* **TASK INPUT**
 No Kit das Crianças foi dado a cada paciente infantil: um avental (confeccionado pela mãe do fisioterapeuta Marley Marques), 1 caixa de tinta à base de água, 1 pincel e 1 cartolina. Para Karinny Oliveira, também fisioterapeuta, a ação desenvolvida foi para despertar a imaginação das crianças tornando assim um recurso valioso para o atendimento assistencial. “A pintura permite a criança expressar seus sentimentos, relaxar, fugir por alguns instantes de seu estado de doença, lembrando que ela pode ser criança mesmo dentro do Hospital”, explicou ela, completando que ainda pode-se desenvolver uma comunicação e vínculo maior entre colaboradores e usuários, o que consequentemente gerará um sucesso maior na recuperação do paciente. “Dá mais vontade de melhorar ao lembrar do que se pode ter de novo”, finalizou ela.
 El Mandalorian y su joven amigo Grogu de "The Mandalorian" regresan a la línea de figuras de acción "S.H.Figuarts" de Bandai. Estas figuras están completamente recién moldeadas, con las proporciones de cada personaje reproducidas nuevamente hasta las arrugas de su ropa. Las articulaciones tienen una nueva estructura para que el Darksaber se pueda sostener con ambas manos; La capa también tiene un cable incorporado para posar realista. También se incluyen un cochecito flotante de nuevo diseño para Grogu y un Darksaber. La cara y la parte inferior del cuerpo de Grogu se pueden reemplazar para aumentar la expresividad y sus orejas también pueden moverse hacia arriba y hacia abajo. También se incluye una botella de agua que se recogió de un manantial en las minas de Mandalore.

==

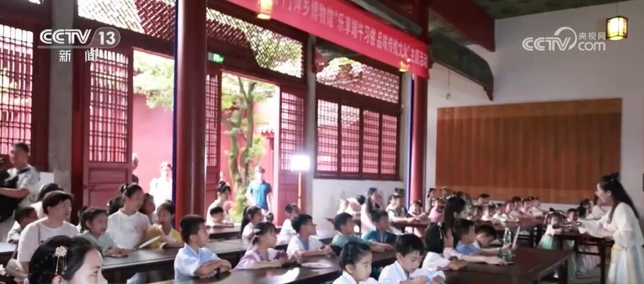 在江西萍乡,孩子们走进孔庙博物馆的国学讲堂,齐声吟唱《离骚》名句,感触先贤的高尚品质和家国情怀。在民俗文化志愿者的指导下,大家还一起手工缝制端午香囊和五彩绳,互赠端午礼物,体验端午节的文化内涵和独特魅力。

* **EXERCISE AIM**
For the material above, the answer must be only the number of lines holding the word "para".

* **TASK OUTPUT**
2